= El Dorado (side-wheeler) =

El Dorado was a 153 ton side-wheel steamship, was ordered by Captain J. W. Wright and built by Thomas Collyer. It was originally to be named Caribbean; however she was sold while still on the stocks to Howland & Aspinwall, who were building up a fleet of steamers on the Atlantic Ocean.

==Aspinwall Steam Transportation Line==
After news of the California Gold Rush was arrived, George W. Aspinwall, of Philadelphia then had Thomas Young in Wilmington, Delaware, have El Dorado rigged as a 3-masted schooner to sail around Cape Horn to San Francisco Bay. Upon reaching San Francisco in February 1850, Aspinwall had Domingo Marcucci take down the masts and rigging to convert it for running as a steamboat on the Sacramento River between San Francisco and Sacramento. The Aspinwall Line had El Dorado running twice weekly on this run against the 327-ton Mckim and 755-ton Senator of Simmons, Hutchinson & Company.

By that spring the El Dorado had been switched to the run to Stockton, making connections with the Captain Sutter which was put on the run up the San Joaquin River to Grayson City and the Tuolumne River to Tuolumne City with the Georgiana. The steamer Captain Sutter was run daily on this route until June 1850, when she was sent to run in the Sacramento River above Sacramento.

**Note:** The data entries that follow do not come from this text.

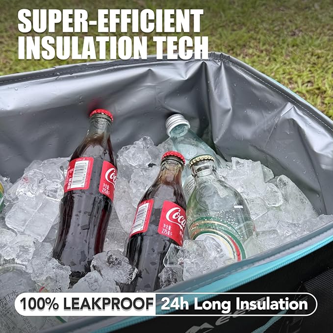 - 【40L Large Capacity & Collapsible】Our collapsible cooler, also known as a portable cooler bag, boasts a spacious 40L capacity, holding up to 70 cans (330ml each). Unlike bulky hard coolers, it's incredibly space-saving, folding down to just 5cm thick. Ideal as a camping cooler or for any outdoor adventure, simply unfold it when you're ready to use, making it a must-have for your next trip!
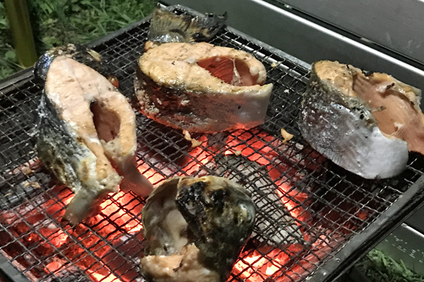 夜はカラフトマス塩焼き
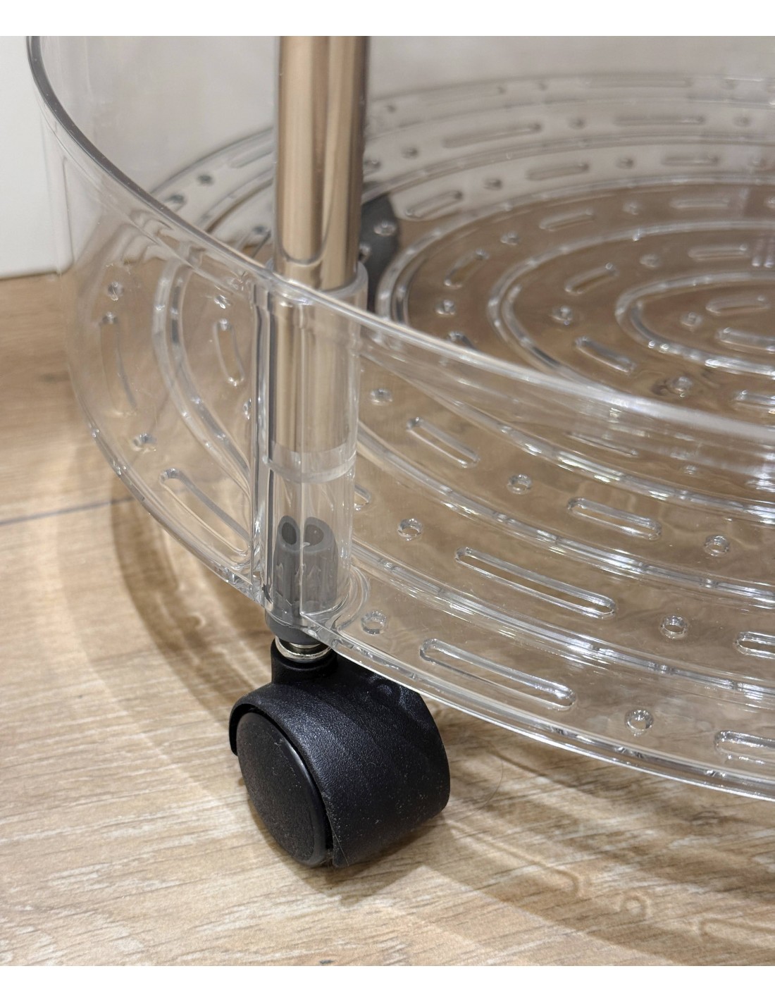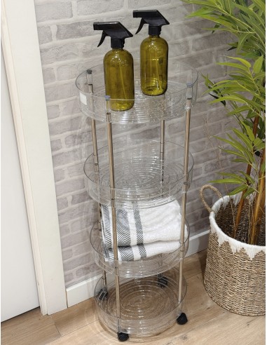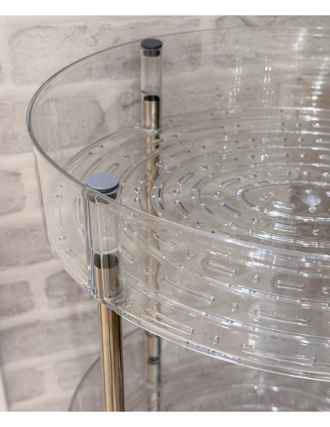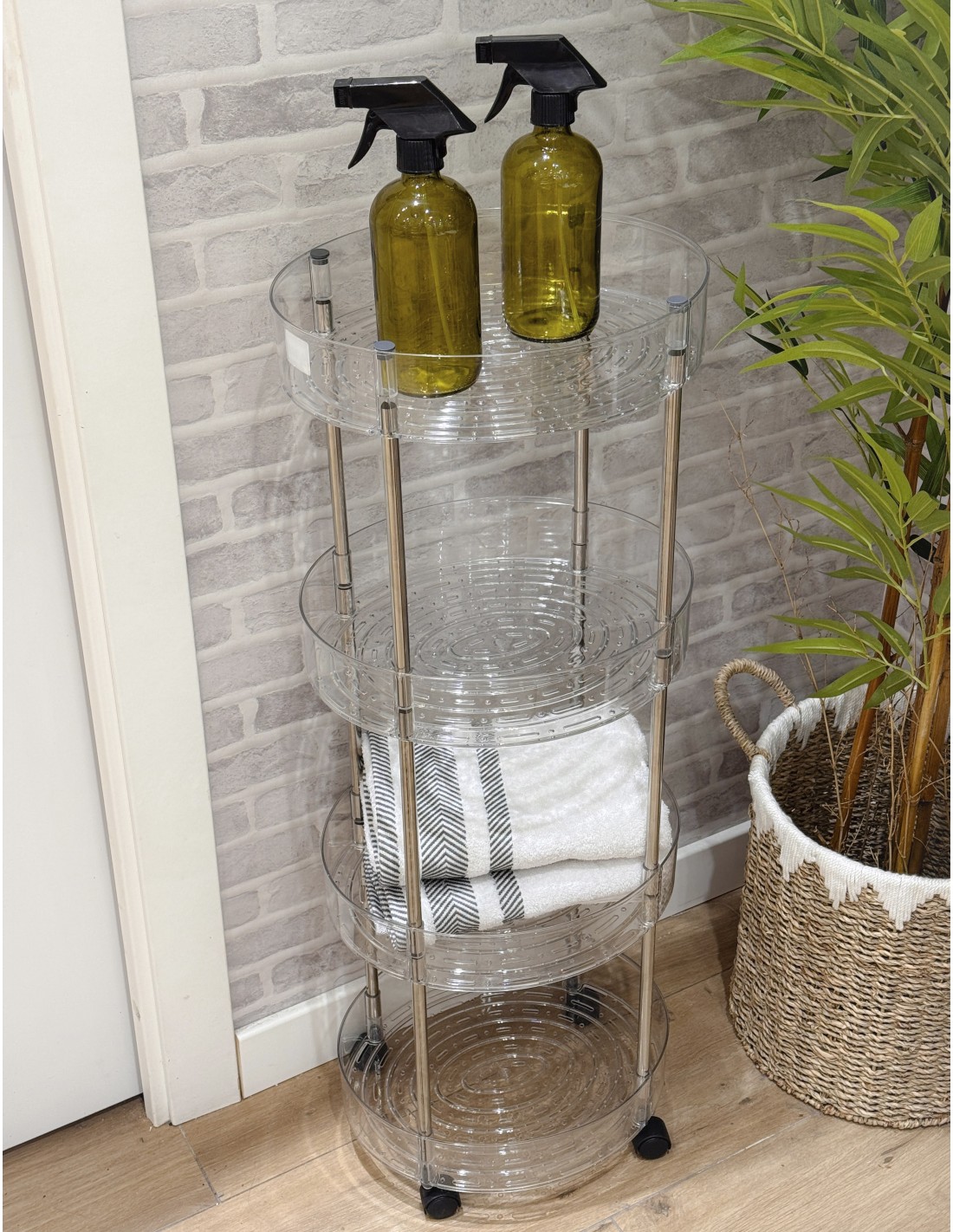 Carrito organizador de cuatro niveles con estructura transparente, acabado brillante y ruedas giratorias. Las baldas cuentan con borde elevado que mantiene los objetos bien sujetos, ideal para espacios que necesitan orden sin perder ligereza visual.
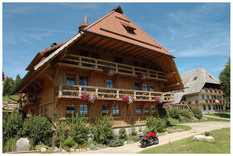 Cet après-midi, Claudius et moi sommes allés explorer les belles routes de la Forêt-Noire, on a même pris le bateau avec nos motos, si si ! Superbe soleil au début, avec des paysages commes sortis d'un livre d'art, des virages en veux-tu en voilà, et un arrêt sympathique à un Gasthof (bistrot)

Faced with the mushrooming numbers of steamers appearing on all the rivers, the Aspinwall Steam Transportation Line offered the El Dorado, Captain Sutter, its other steamboats and its other boats and barges for sale from November 1850.

==Later Owners==
El Dorado was purchased by June 1851 by the San Francisco Towboat Company run by James Blair, formerly manager of the Aspinwall Line in San Francisco. El Dorado and steam tugs Firefly and Redding were used for towing ships in San Francisco Bay, "to the heads at all times or to any part of the bay and harbor."